In the microscale BVP of a multiscale analysis, it is common to write the microscale field, \mathbf{u}_{\mu}, as
\mathbf{u}_{\mu} = \mathbf{u}_{M} + \operatorname{Grad}\left(\mathbf{u}_{M}\right)\left(\mathbf{x}-\mathbf{x}_{c}\right) + \tilde{\mathbf{u}}\implies A\left(\mathbf{u}_{\mu}\right)=b,
where \mathbf{u}_{M} is the equivalent field in the macroscale. This is done because it simplifies application of boundary conditions to the microscaçe BVP. One example is the linear BC, which dictates that the fluctuation field, \tilde{\mathbf{u}}, must be zero on the microscale boundary.

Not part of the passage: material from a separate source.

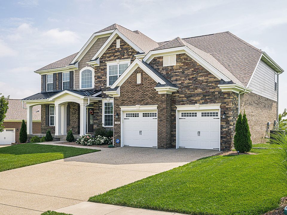 Skip build time with this newer construction in Oldham County located in Heather Ridge Subdivision. Welcome to this 2 year young, tastefully decorated 5 Bedroom 2.5 bath home. Pull in the drive and awe at the amazing curb appeal this home of brick and stone facade gives you. Upon entering the home, the formal living and formal dining room with tray ceiling are just off the entry hallway. The expansive great room with coffered ceiling opens to the massive kitchen that includes a breakfast bar, stainless appliances and access to the 2 car garage. Finishing out the first floor is a half bath and a bedroom / office. The second floor boasts 4 bedrooms a full bath and laundry room. A large loft area is situated between 2 of the bedrooms and the Master Suite. The expansive Master Suite contains two walk in closets, a master bathroom with double vanities and a large walk in shower.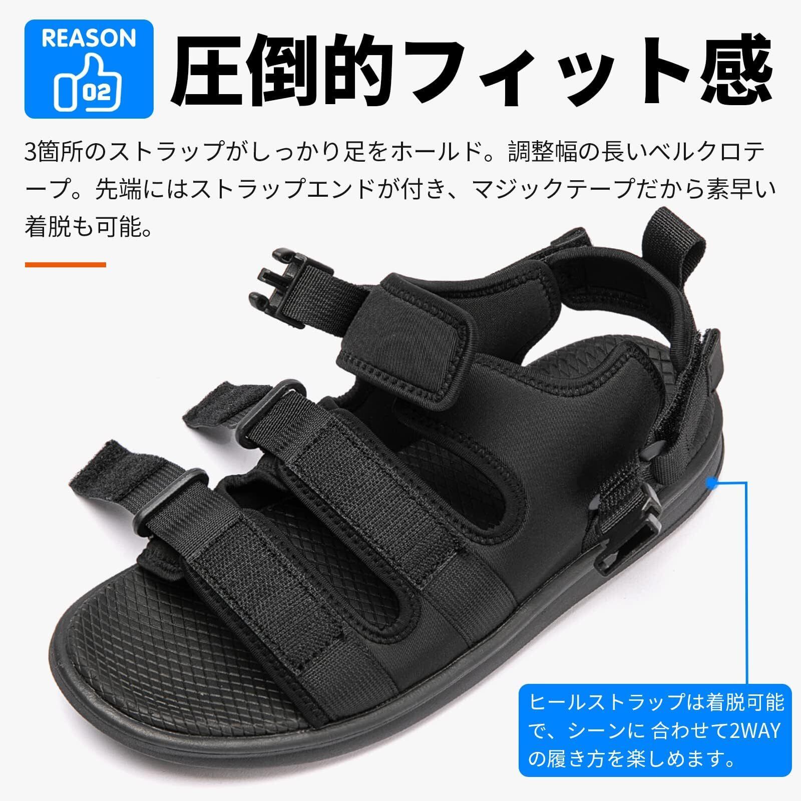 【様々なアウトドアシーンで大活躍!】このサンダルは、水陸両用としてビーチでの水遊びや、山登り、キャンプなど多様なシーンに対応しています。しっかりとしたストラップで足を支え、安定した歩行を実現します。あなたの冒険心を満たすためのベストパートナーです。

Thus, I can create a function space for \tilde{\mathbf{u}} and just correct it using the linear expression to apply on the constitutive model.

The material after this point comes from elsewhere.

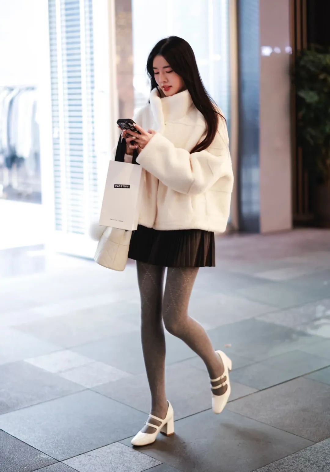 上半身的冬装选择棉服,迎合了当下的复古潮流趋势;下半身搭配超短裤配丝袜,融入夏季单品突出造型风格,拉伸腿部线条更显高。需要注意的是,丝袜尽量避免肉丝袜,容易显得俗气,尽量以黑丝为主,可以加入一些星星、爱心、线条等元素装饰,造型更时髦。② 皮草+半身裙,优雅显贵气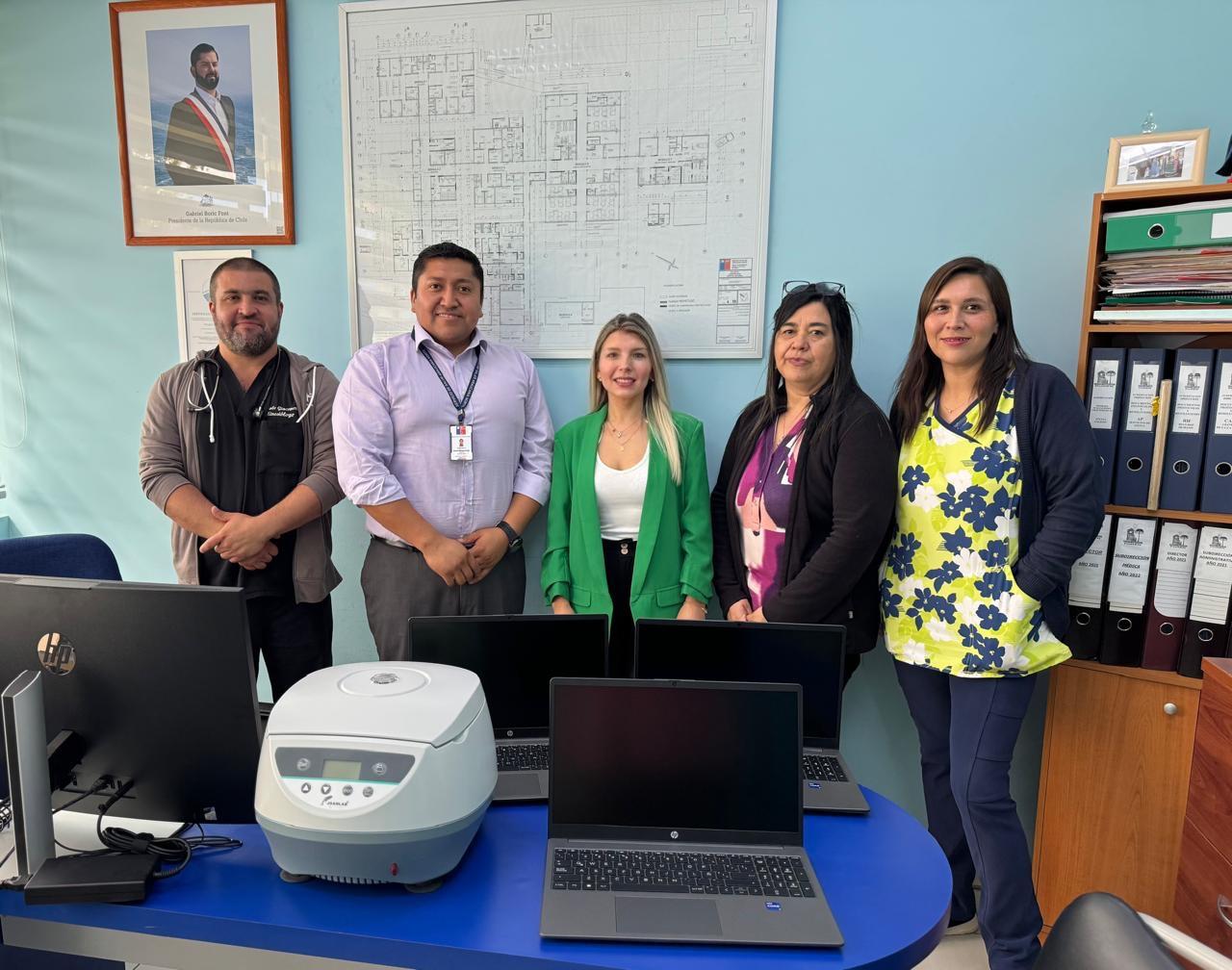 En la oportunidad, el principal objetivo del encuentro se tradujo en la recepción, por parte del Hospital, de tres computadores más una centrífuga para el procesamiento de muestras, acto destacado por Carolina Morales, quien además celebró la “excelente recepción brindada por el Hospital y por su Director, quien nos recibió en un ambiente de notable calidez. Esta acogida no solo facilitó el diálogo institucional, sino que también reflejó el compromiso del establecimiento con el fortalecimiento de los vínculos académicos”, indicó.

Actually, I’ve solved the problem (I do not know if it is the best option): I’ve added a correction,
u_M = Constant([0.0, 0.0, 0.0])
Grad_uM = Constant([[0.0, 0.0, 0.0], [0.0, 0.0, 0.0], [0.0, 0.0, 0.0]])

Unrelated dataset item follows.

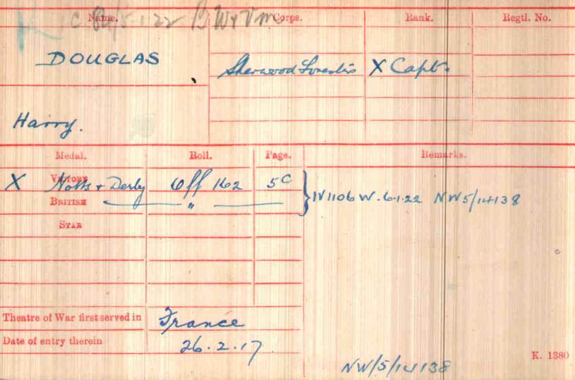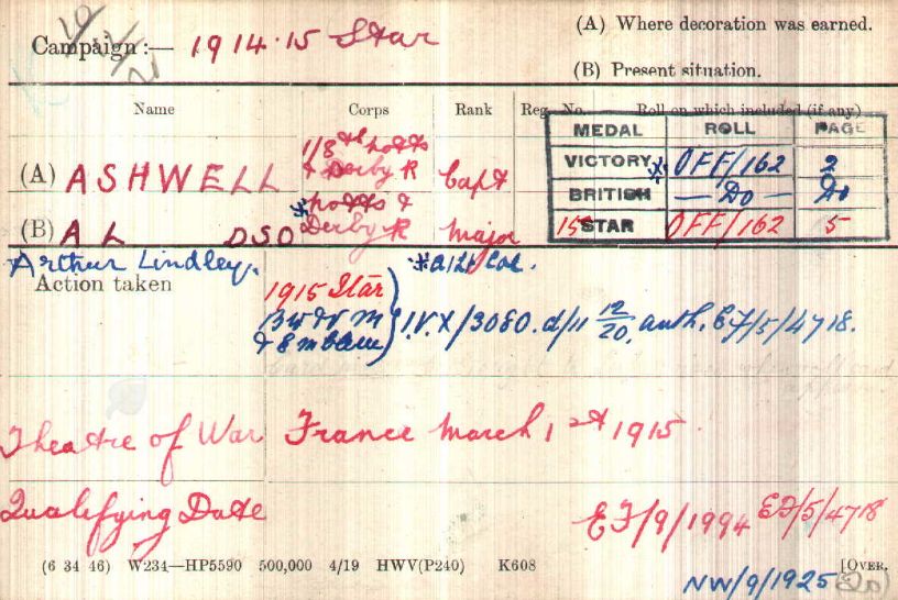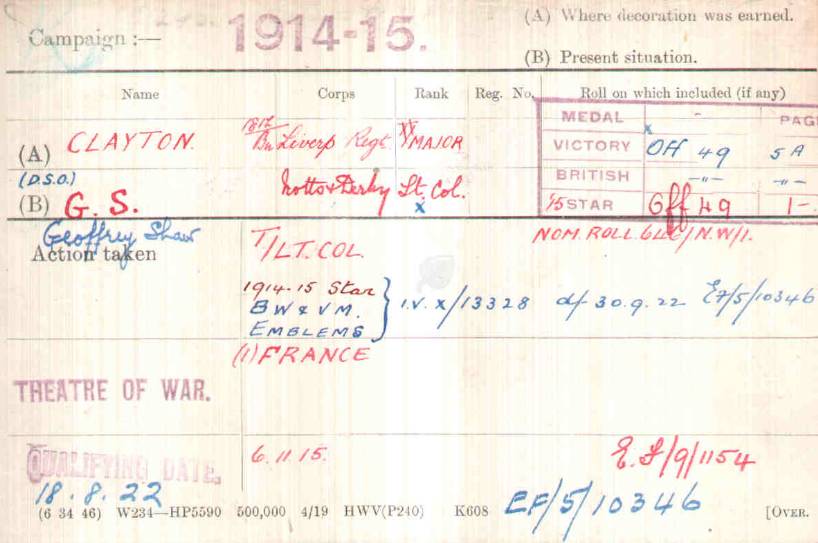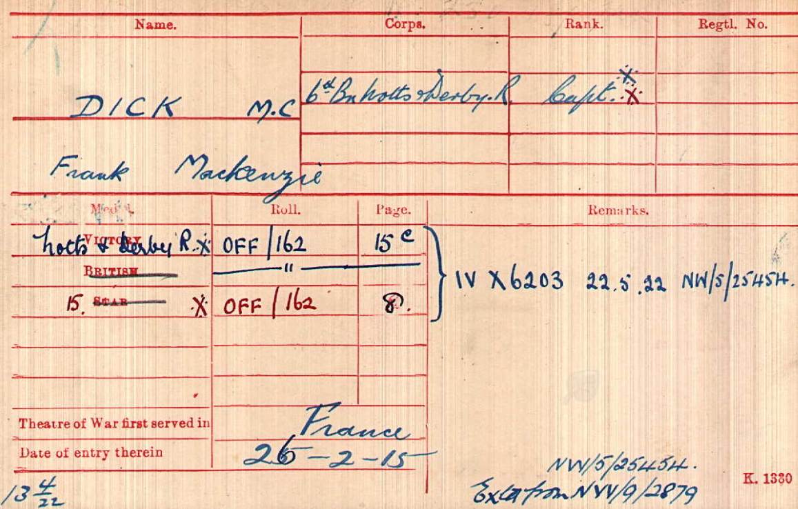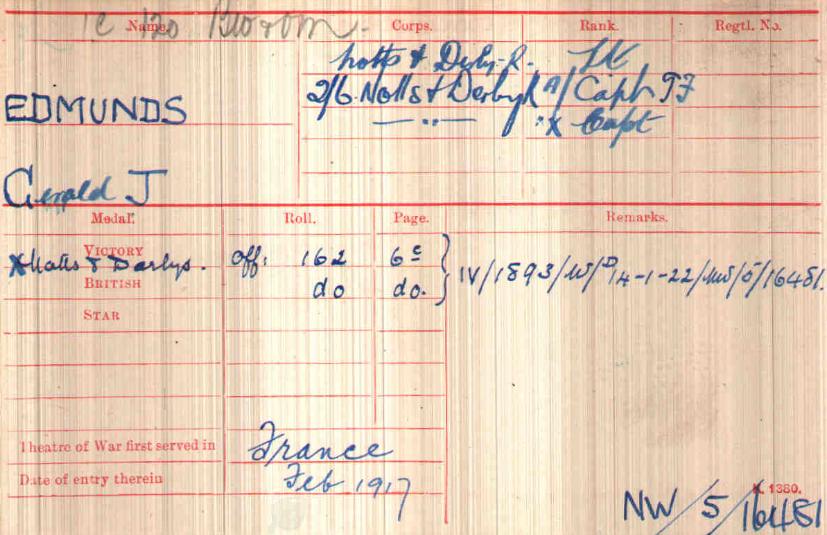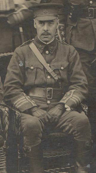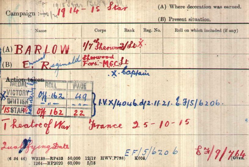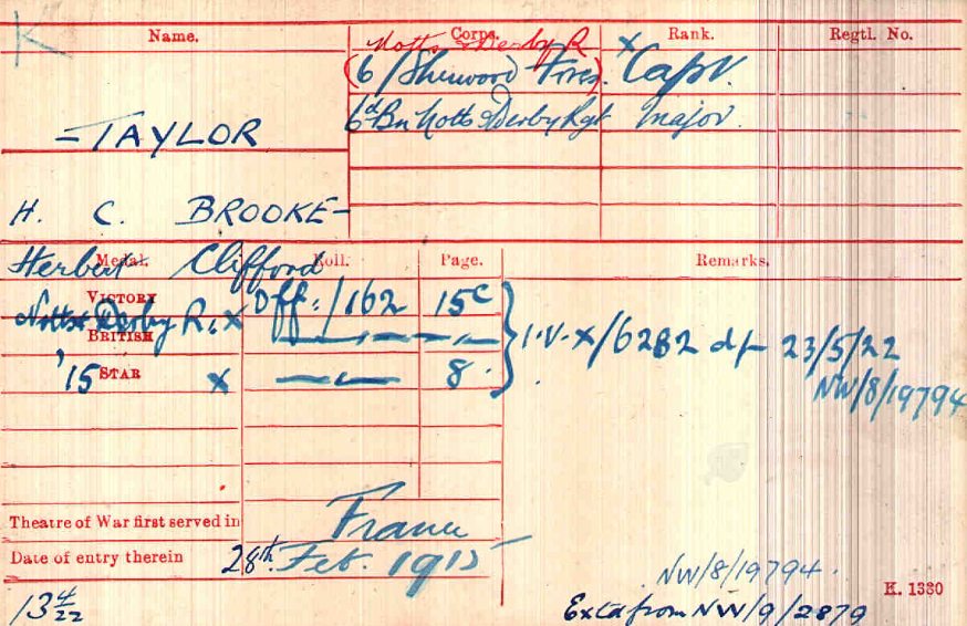 At Braintree in Feb 1915. Arrived in France in February 1915 Took over Command of 8th Sherwood Foresters at Loos on 15th October 1915. Transferred to 8th Sherwood Foresters and promoted Temp Lt/Col on 3rd December 1915. LG MID January 1917 LG DSO January 1917.

correction = u_M + dot(Grad_uM, x - x_c)
I’ve also created an user expression that I can interpolate during post-processing to save the full field, \mathbf{u}_{\mu}. The results were validated and are indeed correct.
After solving this problem, I moved to the periodic boundary condition, but I’m struggling to apply DirichletBC to one single node. For which, I created another topic here in the forum (How to apply boundary conditions to a single node in dolfin?). Thanks for your interest in my problem.